Whether the contempt he held for such distant reality was owing to the time he'd spent away from it or the time he'd spent in it was of no difference to him. He didn't care to consider it. He didn't have to. Modern technology afforded him the self indulgence of seclusion he so desired. Joshua earned his keep by the broodings of his melancholic temperament. He bled those pleasantly dark musings onto a computer screen, saved it to a backup floppy, and when the daydreams assumed the rough and appropriately vague form of a story, copied it on a CD-ROM, and sent it off to his editor. Frequent correspondence with said editor arrived via e-mail, via satellite internet. The accommodating satellite was in its heaven and all was right with the world.
Four years not a soul had stepped foot in this cabin save David Copperfield, the whimsical black and some less white feline who scarcely lived up to his name, and Ebenezer, the hulking, morose Siberian Husky who bore the handle of his namesake with astonishing accuracy.
Town was a village, really, of 312, 22 miles down a gravel road. Conventional mail arrived in post office box in the village, and the numerous disciples of numerous gospels peddling their numerous creeds in the larger towns to the west had not yet considered the wild and untamed mission field that lay up the mountains to the east. The only human Joshua had seen broach the 12 miles between he and his nearest neighbor was a boy, of 12 or 14, or so it seemed at a distance of 500 yards, which was the distance between the large picture window in the front room and the gravel lane that wound on past the cabin up the ridge to the south.

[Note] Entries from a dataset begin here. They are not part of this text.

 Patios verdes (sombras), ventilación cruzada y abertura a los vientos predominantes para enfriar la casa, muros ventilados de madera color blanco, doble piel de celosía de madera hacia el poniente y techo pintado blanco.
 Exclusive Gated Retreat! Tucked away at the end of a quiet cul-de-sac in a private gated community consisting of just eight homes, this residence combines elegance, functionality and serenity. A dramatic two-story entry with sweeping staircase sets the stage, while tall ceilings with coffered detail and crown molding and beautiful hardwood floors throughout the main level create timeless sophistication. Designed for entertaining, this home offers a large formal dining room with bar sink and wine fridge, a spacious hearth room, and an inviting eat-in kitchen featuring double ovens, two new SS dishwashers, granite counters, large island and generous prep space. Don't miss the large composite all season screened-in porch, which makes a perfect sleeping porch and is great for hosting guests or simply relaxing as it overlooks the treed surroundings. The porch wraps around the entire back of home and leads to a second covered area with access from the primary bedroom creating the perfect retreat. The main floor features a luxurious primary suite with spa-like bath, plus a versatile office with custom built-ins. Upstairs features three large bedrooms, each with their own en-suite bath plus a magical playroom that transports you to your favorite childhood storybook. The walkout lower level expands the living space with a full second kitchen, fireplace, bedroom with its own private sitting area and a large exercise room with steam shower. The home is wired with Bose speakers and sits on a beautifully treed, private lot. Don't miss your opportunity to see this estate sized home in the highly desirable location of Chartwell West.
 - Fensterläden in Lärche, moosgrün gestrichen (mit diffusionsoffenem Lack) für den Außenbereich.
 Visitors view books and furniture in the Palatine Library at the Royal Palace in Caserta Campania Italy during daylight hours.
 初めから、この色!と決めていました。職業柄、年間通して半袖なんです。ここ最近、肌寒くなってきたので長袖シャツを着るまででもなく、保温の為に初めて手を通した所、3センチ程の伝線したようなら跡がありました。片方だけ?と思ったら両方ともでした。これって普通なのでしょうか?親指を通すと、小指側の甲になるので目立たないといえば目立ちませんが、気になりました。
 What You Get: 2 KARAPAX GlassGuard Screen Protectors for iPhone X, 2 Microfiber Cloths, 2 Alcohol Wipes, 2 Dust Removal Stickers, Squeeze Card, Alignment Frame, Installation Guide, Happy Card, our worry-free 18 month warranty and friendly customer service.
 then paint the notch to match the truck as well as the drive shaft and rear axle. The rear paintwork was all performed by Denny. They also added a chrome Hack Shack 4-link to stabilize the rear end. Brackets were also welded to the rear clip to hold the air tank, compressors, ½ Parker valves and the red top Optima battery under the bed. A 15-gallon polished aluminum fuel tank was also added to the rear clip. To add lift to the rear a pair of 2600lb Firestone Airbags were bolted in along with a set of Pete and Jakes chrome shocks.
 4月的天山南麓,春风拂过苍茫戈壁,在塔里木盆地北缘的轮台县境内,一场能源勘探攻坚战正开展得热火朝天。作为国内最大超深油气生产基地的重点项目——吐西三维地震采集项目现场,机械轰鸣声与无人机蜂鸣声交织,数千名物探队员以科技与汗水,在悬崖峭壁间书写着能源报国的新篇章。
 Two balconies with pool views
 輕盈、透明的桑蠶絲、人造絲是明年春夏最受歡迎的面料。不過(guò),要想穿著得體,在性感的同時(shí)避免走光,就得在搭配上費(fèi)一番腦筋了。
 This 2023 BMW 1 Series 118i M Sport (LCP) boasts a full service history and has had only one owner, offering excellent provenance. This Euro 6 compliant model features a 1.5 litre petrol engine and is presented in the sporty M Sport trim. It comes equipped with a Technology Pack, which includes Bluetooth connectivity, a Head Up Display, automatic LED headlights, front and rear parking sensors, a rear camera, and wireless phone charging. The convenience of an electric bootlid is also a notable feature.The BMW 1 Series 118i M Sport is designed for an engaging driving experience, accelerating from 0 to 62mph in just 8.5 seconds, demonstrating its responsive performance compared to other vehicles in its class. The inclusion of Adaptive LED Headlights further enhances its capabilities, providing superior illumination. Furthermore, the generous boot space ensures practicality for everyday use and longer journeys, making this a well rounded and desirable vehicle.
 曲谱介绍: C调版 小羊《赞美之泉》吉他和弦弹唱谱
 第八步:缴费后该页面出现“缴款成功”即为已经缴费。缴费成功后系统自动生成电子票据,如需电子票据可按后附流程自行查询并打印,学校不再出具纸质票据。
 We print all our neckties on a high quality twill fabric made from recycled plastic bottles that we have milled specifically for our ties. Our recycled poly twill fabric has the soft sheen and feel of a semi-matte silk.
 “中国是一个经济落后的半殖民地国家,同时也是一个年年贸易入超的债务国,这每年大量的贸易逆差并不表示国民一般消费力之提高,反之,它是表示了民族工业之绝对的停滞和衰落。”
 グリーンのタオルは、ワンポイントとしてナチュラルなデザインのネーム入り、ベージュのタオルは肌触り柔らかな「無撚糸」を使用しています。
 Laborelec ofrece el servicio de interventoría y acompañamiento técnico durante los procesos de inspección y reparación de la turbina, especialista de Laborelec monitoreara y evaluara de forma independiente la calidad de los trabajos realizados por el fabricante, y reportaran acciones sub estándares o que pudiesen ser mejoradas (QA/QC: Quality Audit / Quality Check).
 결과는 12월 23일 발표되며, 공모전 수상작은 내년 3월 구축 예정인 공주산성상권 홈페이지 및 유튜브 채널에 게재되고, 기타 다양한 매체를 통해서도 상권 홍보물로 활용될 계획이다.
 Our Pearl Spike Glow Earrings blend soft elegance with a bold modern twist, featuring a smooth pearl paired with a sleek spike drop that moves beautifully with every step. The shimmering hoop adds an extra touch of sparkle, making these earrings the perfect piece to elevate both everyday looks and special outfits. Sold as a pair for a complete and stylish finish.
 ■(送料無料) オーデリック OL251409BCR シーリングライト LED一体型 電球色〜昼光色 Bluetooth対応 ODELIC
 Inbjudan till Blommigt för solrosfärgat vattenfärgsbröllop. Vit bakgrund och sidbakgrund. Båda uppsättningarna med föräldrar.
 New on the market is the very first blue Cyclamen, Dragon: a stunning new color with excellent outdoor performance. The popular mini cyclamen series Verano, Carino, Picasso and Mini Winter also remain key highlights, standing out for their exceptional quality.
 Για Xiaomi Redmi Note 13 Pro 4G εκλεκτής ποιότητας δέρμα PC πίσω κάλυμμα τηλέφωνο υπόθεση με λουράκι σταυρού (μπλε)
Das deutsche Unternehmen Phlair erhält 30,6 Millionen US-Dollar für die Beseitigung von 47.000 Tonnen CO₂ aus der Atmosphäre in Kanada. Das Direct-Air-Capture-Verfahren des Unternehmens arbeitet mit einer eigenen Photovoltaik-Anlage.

He remembered it well simply because of the novelty of it and because it slightly annoyed him that anyone, less a boy, so discerned mostly because of his unpredictable gait and the suddenness at which he swung around sideways and walked backwards, eager to discover some new sight or phenomenon of the mountain wilderness no doubt with which to share with his friends back home in the Midwest. Children had no appreciation for nature simply for nature's sake. It always had to be something worth telling. He also remembered because both his animal companions had been alerted by some inscrutable sound and crowded to the front window just as the boy stopped and gazed up through the smallest opening in the trees that allowed sight between the cabin and the road. For some reason embarrassed, he called both to heel and himself eased back into the eat-in kitchen.